The number of absorbing states is not constant, which complicates the training of function approximators based on neural networks
Computational resources must be applied even to agents that do not affect the environment

MA-POCA

To address the above issues, we proposed a novel multi-agent reinforcement learning method called MA-POCA. It is an improvement on COMA (Foerster et al. 2018), which uses self-attention for active agents before critique network input, thereby addressing the problem of posthumous credit assignment without using absorbing states. This approach addresses the problem of posthumous credit assignment.

MA-POCA Value Function (Update of Critic)

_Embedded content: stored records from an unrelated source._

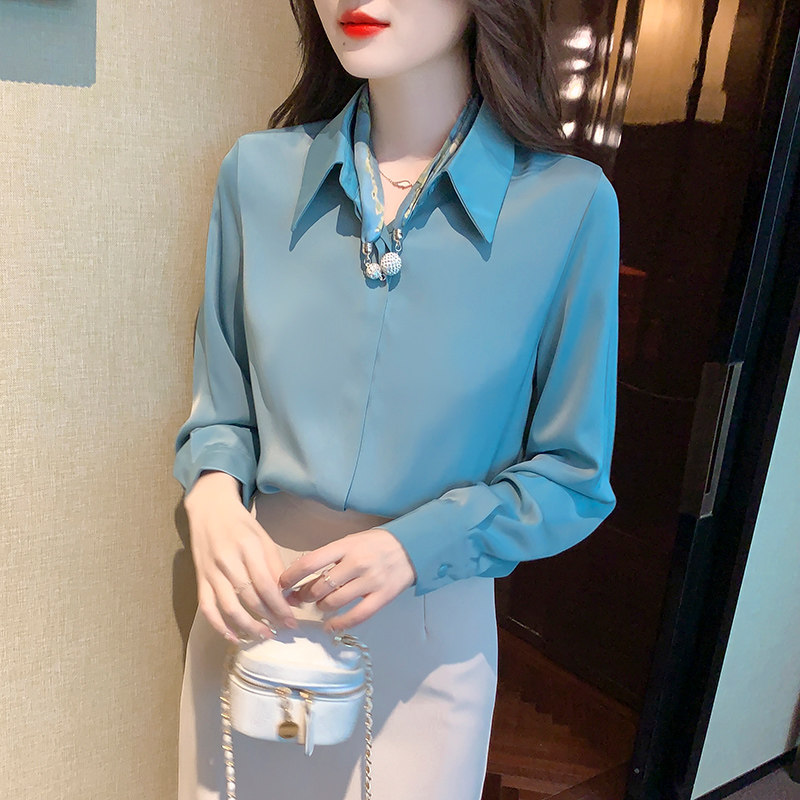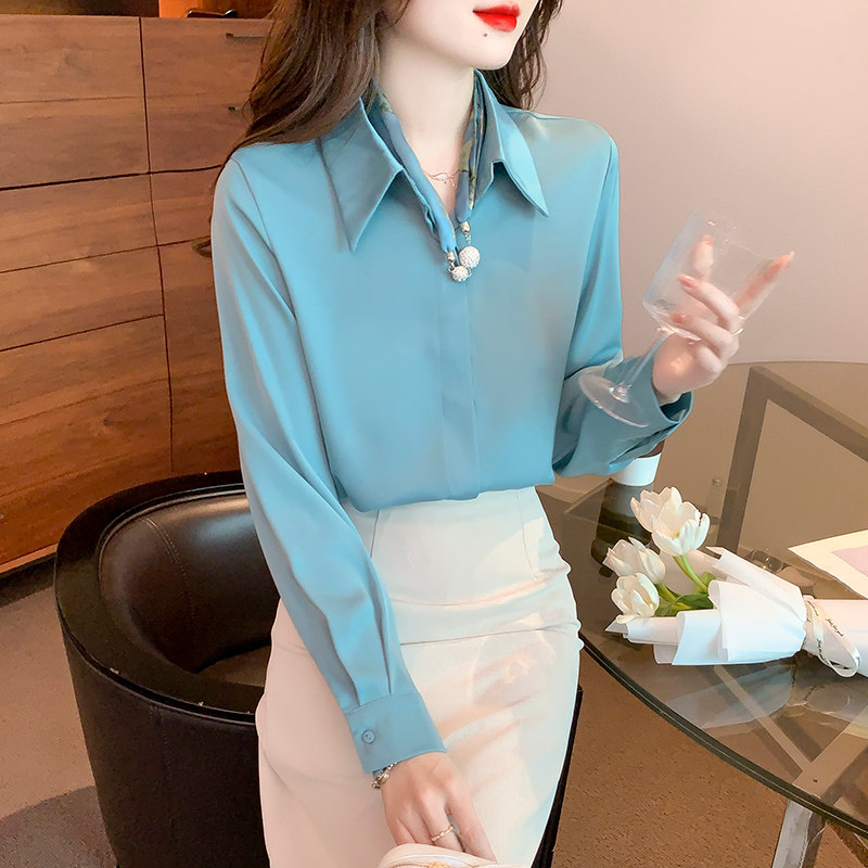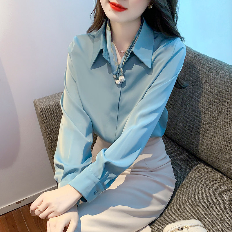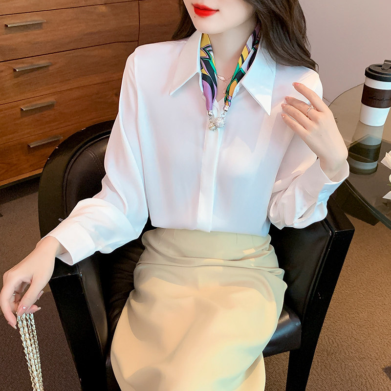 白色雪纺衬衫女秋装2025新款法式高级感领结职业衬衣长袖打底上衣
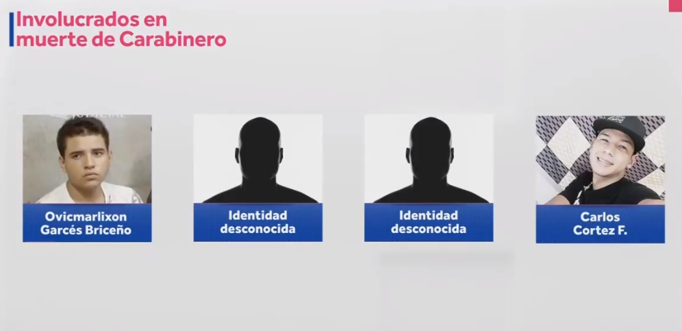 Gracias a la recopilación de imágenes, también se logró comprobar que los sujetos involucrados al momento de la muerte del carabinero eran Ovimarlixion Garcés, Carlos Cortez y otros dos sujetos que aún no son identificados.
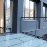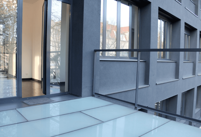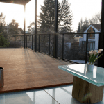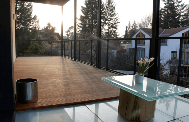 30 qm große Terrasse erreichbar ist. Diese zeichnet sich durch ihren Bodenbelag aus, welcher zum Teil aus Holz und auch aus Glas besteht. Eine weitere 10 qm große Terrasse ist auf der anderen Seite des Wohnzimmers gelegen.

In this setting, the number of active agents depends on the time step t. Therefore, let $k_t$ denote the number of active agents at time step t such that 1 ≤ $k_t$ ≤ N (where N is the maximum number of agents that can survive at any given time), the output of Critic (the state value function) is

The following is the result. where $g_i(o^i_t)_{1\leq i \leq k_t}$ is the encode observations of all active agents and RSA is ResidualSelfAttention. Then, we define the objective function as

The training will be performed as follows. $k_{t+n}$ is the number of agents active at time t+n. The $k_{t+n}$ can be larger or smaller than $k_{t}$. This is because at time step t, any number of agents may be terminated early or new agents may be created.

MA-POCA Counterfactual Baseline (Actor Updates)

$1\leq i\leq k_t, i\neq j$ We learn the counterfactual baseline of an agent j by learning a value function conditional on the observation-action pairs of all agents i such that Here, we consider observations and observation-action pairs as separate entities and, as in the Critic's update, we use RSA blocks and observation and observation-action encoders to learn the baseline of agent j as

then the advantage function of agent j is defined to be

is the same as Note that $y^{(\lambda)}$ is the same as the one used to update Critic.

experiment

We empirically evaluate MA-POCA in four multi-agentenvironmentsand compare its performance to that of COMA, a multi-agent reinforcement learning method, and PPO, a single-agent reinforcement learning method. Toolkit and the remaining one is from Multi-Agent Particle Environments. A detailed description of the environment follows.

(a) Collaborative Push Block: Agents (blue, yellow, purple) push the white block to the green area. Larger blocks require more agents to push
(b) Simple Spread: Agents (purple) must move to cover the target (black) without bumping into each other
(c) Baton Pass: The blue agent grabs the green FOOD and presses the green button to spawn another agent and grab the next FOOD, and so on!
(d) Dungeon Escape: The blue agent must defeat the green dragon and sacrifice one of them to get the key out. Your teammates must pick up the key and get to the door while avoiding the pink dragon!

The experimental results are as follows: MA-POCA outperformed the other methods in all four environments, especially in the environments with agent creation and annihilation ((c) and (d)). Conversely, PPO failed to find optimal strategies in all four environments and converged to a local optimum. This may be due to partial observability brought about by decentralized learning and action. We also find that MA-POCA converges faster than COMA, which may be due to the inefficient input representation of Critic in COMA due to the absorbing state.

Conclusion.

In this paper, we present a novel multi-agent reinforcement learning method to solve the Posthumous Credit Assignment ) problem, a novel multi-agent reinforcement learning method for solving the problem. MA-POCA is proposed. In conventional MARL, this problem is handled by applying an absorbing state to agents that terminate early. MA-POCA, however, can train agents without using an absorbing state by using Attention. In our experiments, we demonstrated that MA-POCA outperforms COMA and PPO on the MARL task. In the future, we plan to investigate possible forms of other algorithms in the distributed POMDP framework for problems where the maximum number of agents N is unknown.